**About this task**
Please copy the lines below, exactly as they are, from the one with "Architectural salvage antique" through the one with "INDICATIONSÂ Acarbose+Metformin is", and leave out the pictures.

**Input for this task**
□ □ □ □ □ □ □
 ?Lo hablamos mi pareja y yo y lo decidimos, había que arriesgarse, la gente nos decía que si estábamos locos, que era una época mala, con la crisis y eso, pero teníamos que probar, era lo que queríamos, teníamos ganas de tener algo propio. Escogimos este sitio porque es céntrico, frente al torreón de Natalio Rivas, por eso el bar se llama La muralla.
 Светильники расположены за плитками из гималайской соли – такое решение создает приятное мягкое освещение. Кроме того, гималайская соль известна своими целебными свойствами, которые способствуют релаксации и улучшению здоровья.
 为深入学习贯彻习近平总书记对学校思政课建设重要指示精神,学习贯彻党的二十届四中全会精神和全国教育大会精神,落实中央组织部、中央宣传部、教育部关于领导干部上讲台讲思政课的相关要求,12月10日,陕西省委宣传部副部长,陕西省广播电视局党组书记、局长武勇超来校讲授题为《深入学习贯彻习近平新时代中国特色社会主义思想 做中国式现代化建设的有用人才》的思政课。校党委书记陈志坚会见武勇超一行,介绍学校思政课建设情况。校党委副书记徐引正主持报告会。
□ □ □ □ □ □ □
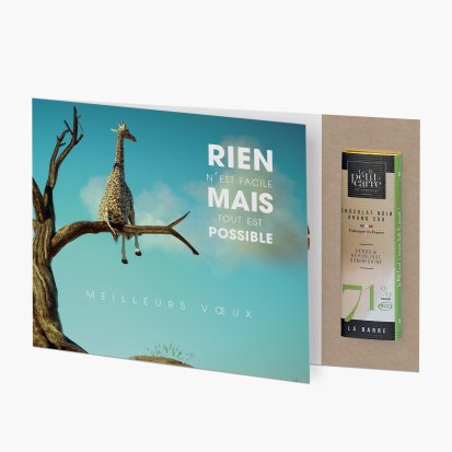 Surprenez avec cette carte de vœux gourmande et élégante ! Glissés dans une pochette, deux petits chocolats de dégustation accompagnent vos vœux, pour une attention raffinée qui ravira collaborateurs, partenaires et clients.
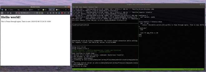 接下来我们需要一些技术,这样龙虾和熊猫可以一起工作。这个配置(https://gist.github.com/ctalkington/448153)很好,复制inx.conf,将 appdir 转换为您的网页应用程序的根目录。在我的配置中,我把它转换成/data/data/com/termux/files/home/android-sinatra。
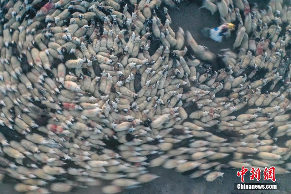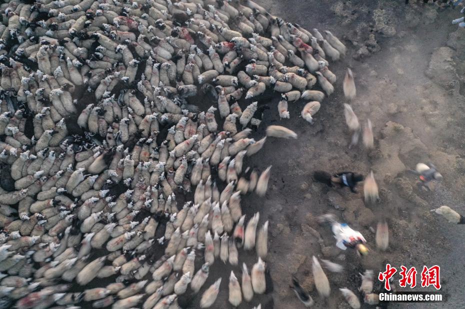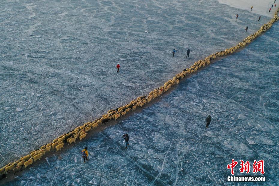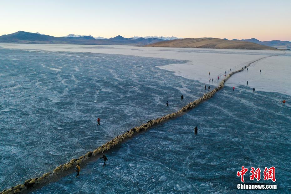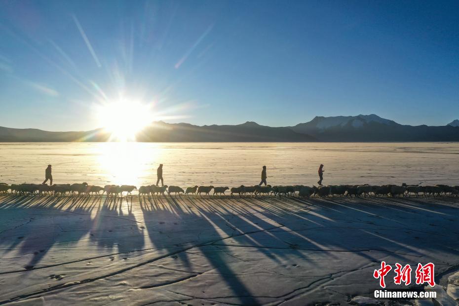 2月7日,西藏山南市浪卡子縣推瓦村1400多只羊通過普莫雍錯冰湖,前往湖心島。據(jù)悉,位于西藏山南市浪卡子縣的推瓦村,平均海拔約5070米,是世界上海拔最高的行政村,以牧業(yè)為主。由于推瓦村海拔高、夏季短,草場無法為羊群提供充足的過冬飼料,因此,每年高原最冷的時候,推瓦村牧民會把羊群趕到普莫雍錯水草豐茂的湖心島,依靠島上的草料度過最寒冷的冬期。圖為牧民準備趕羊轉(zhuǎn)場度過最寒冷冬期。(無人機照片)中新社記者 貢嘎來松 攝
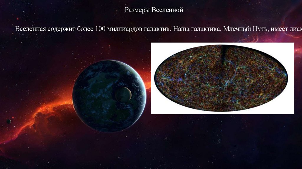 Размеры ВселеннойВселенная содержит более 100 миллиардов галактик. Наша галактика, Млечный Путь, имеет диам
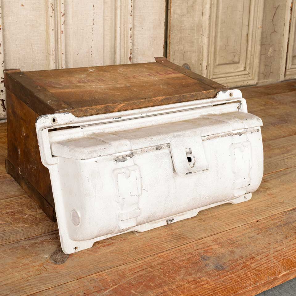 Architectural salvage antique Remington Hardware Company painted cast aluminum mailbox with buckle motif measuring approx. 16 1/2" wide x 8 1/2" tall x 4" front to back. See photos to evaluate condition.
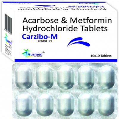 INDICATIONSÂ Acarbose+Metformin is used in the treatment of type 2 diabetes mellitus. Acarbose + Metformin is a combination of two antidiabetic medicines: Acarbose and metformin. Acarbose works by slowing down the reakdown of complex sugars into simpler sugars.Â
□ □ □ □ □ □ □
**Result**
 Architectural salvage antique Remington Hardware Company painted cast aluminum mailbox with buckle motif measuring approx. 16 1/2" wide x 8 1/2" tall x 4" front to back. See photos to evaluate condition.
 INDICATIONSÂ Acarbose+Metformin is used in the treatment of type 2 diabetes mellitus. Acarbose + Metformin is a combination of two antidiabetic medicines: Acarbose and metformin. Acarbose works by slowing down the reakdown of complex sugars into simpler sugars.Â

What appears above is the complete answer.